↓

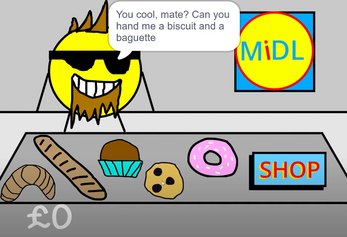Rich guy: Hello, I would like a biscuit and a baguette.
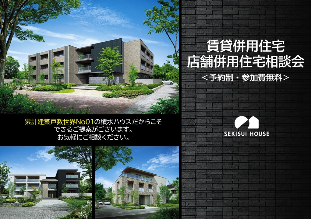 累計建築戸数世界No.1の積水ハウスだからこそご提案できる「賃貸併用住宅」「店舗併用住宅」。
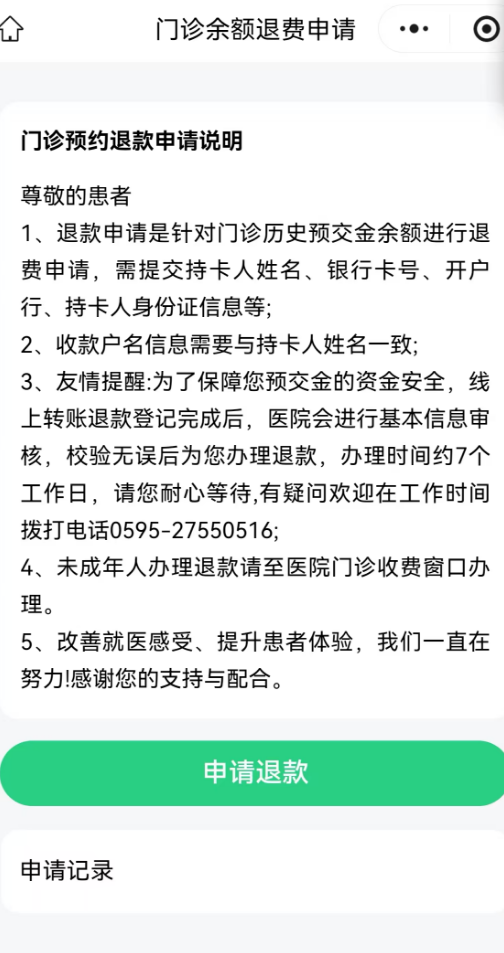 1、适用对象:所有就诊卡有余额的患者(含线上退费失败)。
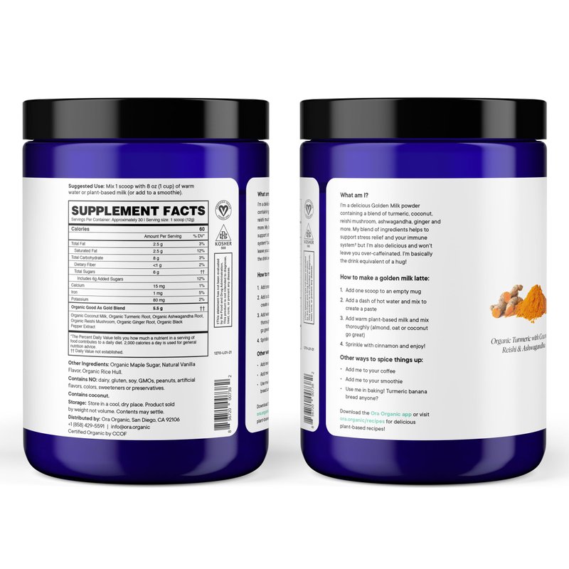 - Highest Quality Ingredients: Ora's Golden Milk is a full container of USDA organic, non-GMO, vegan, gluten-free, soy-free, non-artificial golden goodness.
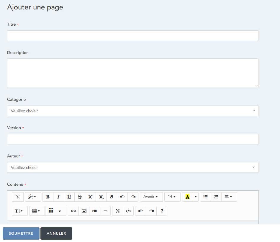Les champs suivants seront visibles sur l'écran Ajouter une page :

↑

Repeat each of the entries above exactly, but do not carry over the pictures.

Problem solution:
Rich guy: Hello, I would like a biscuit and a baguette.
 累計建築戸数世界No.1の積水ハウスだからこそご提案できる「賃貸併用住宅」「店舗併用住宅」。
 1、适用对象:所有就诊卡有余额的患者(含线上退费失败)。
 - Highest Quality Ingredients: Ora's Golden Milk is a full container of USDA organic, non-GMO, vegan, gluten-free, soy-free, non-artificial golden goodness.
Les champs suivants seront visibles sur l'écran Ajouter une page :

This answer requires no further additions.